If you're using one of the pre-built SDKs, it's important to remember that some analytics data on user behavior is generated automatically as described in the PlayStream Event Model reference. To turn off optional events, change the analytics setting in the Settings/Data Collection tab of your game in the PlayFab Game Manager. Similarly, while it's a good idea to have the "generate PlayStream event" option turned on for your CloudScript executions during debugging, you should make sure to disable that before going live. In the case of PlayStream Action triggered CloudScripts, you can always turn them on later if you need to debug some behavior in the wild.
Profile
The profile is effectively "everything about the player", including common elements such as inventory, saved data, and statistics. It also contains the meta-information that you use to drive unique experiences through the LiveOps capabilities in PlayStream, such as the User Segmentation mentioned above. In addition, some title-level legacy features, such as Title Data, Catalogs, and Stores, are included in this meter, as their data implementation is effectively the same as User Data. Since this set of meters is driven by all player actions, and actions taken on players, it's overwhelmingly the one that needs the most optimization planning.

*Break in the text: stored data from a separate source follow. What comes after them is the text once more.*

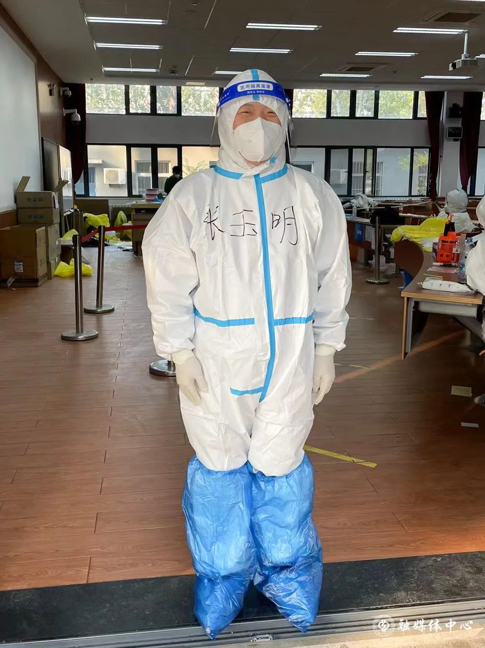 校机关的佟妍老师,家里老人刚刚回到老家,没人照看孩子。得知学校突发疫情需要突击队员时,她立刻给老人买了返回火车票,当天入校加入战“疫”。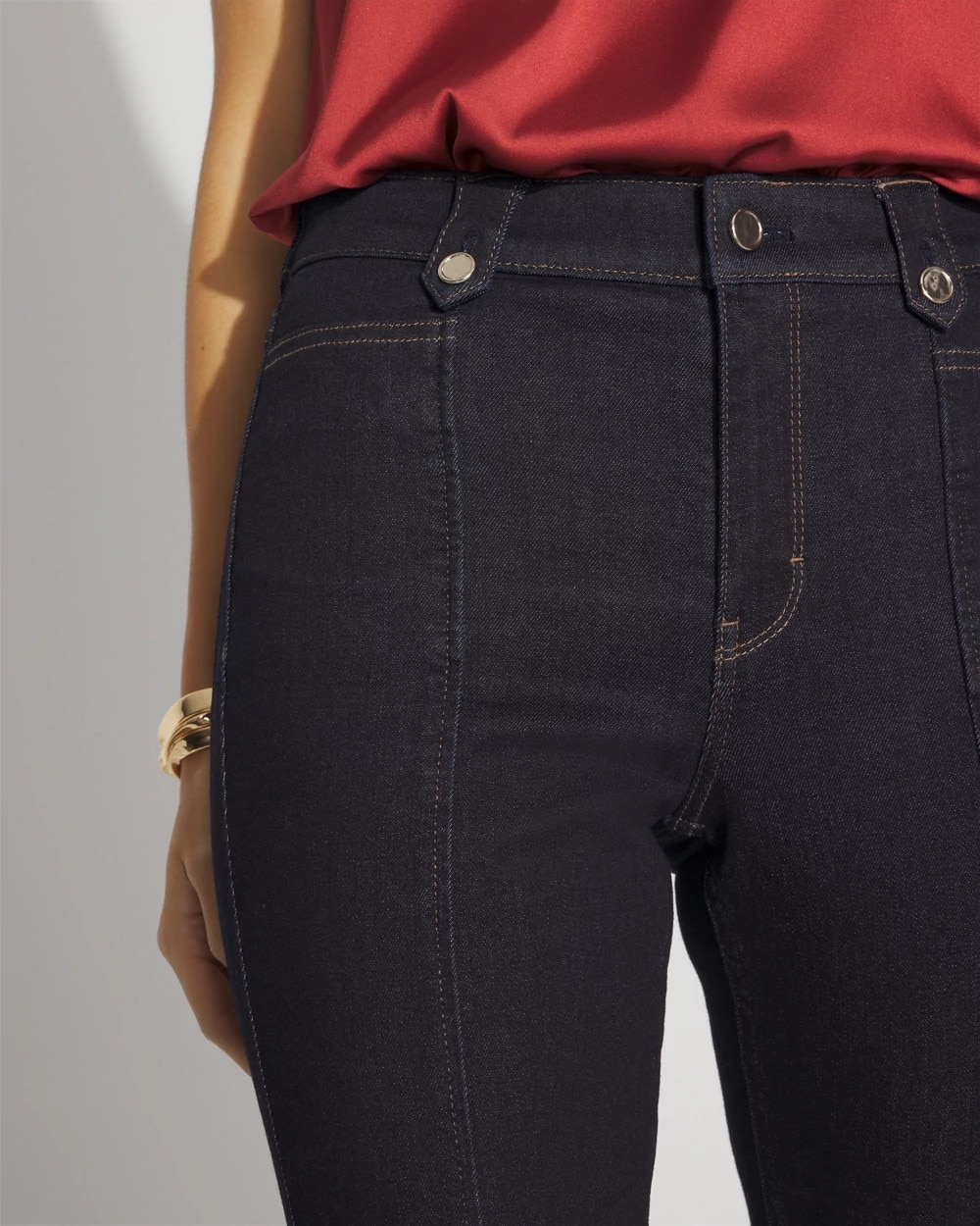 Hammered buttons and tabs add a stylish embellishment to these dark-washed bootcut jeans. We’ve also designed this pair with a front-seam to add a touch of polish. Pair with heels or boots and these are office ready or date night perfection. We also heard you on our inseam and we’ve shortened our regular length, while keeping the short and long lengths you love.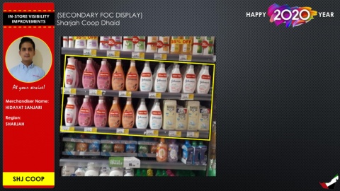 IN-STORE VISIBILITY (SECONDARY FOC DISPLAY) HAPPY YEAR IMPROVEMENTS Sharjah Coop Dhaid At your service! Merchandiser Name: HIDAYAT SANJARI Region: SHARJAH SHJ COOP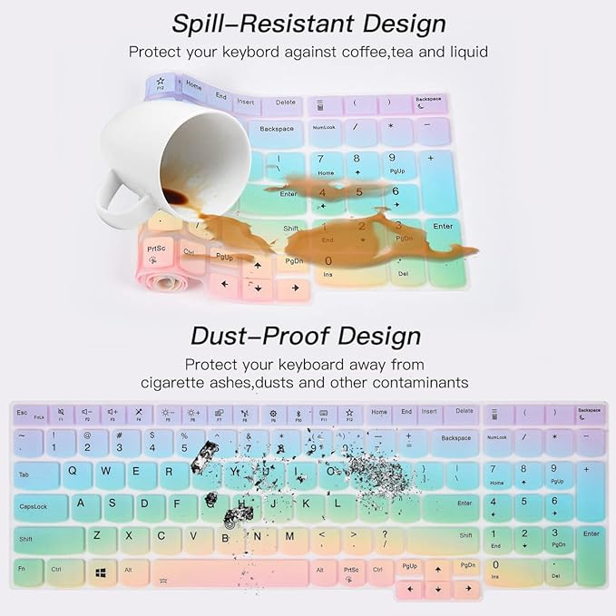 - 【ANTI-SPILL & DUST-PROOF】-Waterproof and dustproof, environmentally protective and ideal for resistance against your keyboard against everyday spills (coffee/beer/milk), dust (crumbs/powder), liquid, pet's pees or the other incident.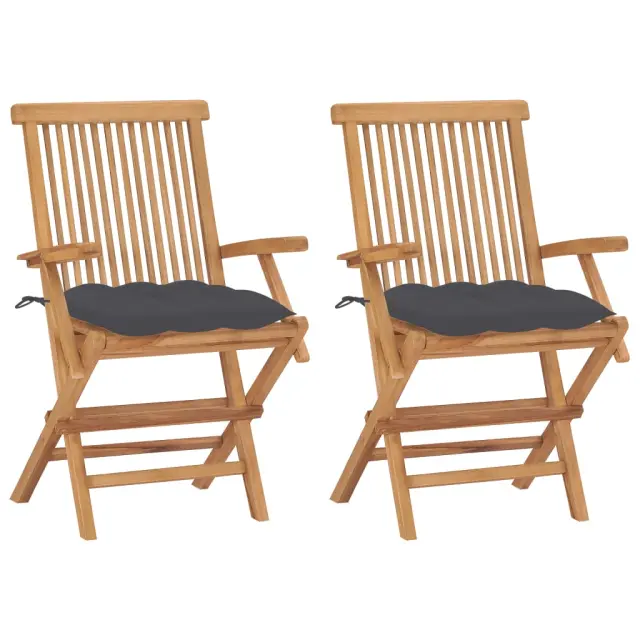 Vrtni stoli - Stol za vrt z antracitnimi blazinami 2 kosa trdna tikovina JS2068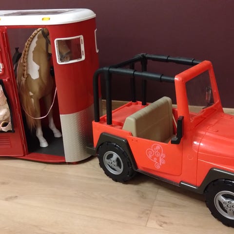 Our Generation hestetrailer med meget tilbehør som vist på billederne. Pris 400kr.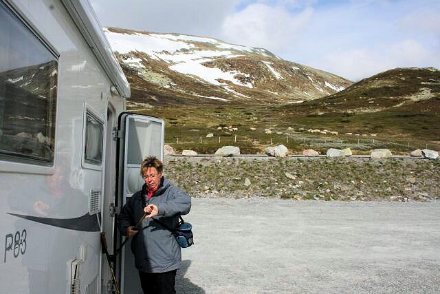 Von Larvik dann noch 150 km Landstraße und wir kommen am Abend im Fjell unterhalb des morgigen Zieles, die Besteigung des Gaustatoppen, an. Auf ca. 1100m haben wir einen herrlichen Übernachtungsplatz mit Weitblick gefunden!

The primary contributing factors to the usage captured by the pricing meters is the amount of data that is read, stored, and written, and how frequently you call the APIs that generate data that is metered.
For more information about the specific API calls that result in "spin" on these meters, see Pricing Meters.
We'll start with User Data and Statistics, since their usage patterns are similar, and then we'll talk about player inventory management.
Data and Statistics
When evaluating your usage of User Data, the same approximation logic as for events applies–each 1 KB increases the meter count by 1–though keep in mind that each "element" of a call should be thought of as distinct for purposes of this calculation. Each key value pair in a call to update User Data is counted separately. For reads, this 1 KB calculation applies to the total data returned, regardless of the number of key value pairs. This means that writing 10 keys of 100 bytes each is 10 "ticks" of the profile write meter, since each key value pair write is a minimum of 1 KB, while a read of those 10 keys is 1 "tick", since it's a total of 1 KB. For more specific details on the usages, see Pricing meters.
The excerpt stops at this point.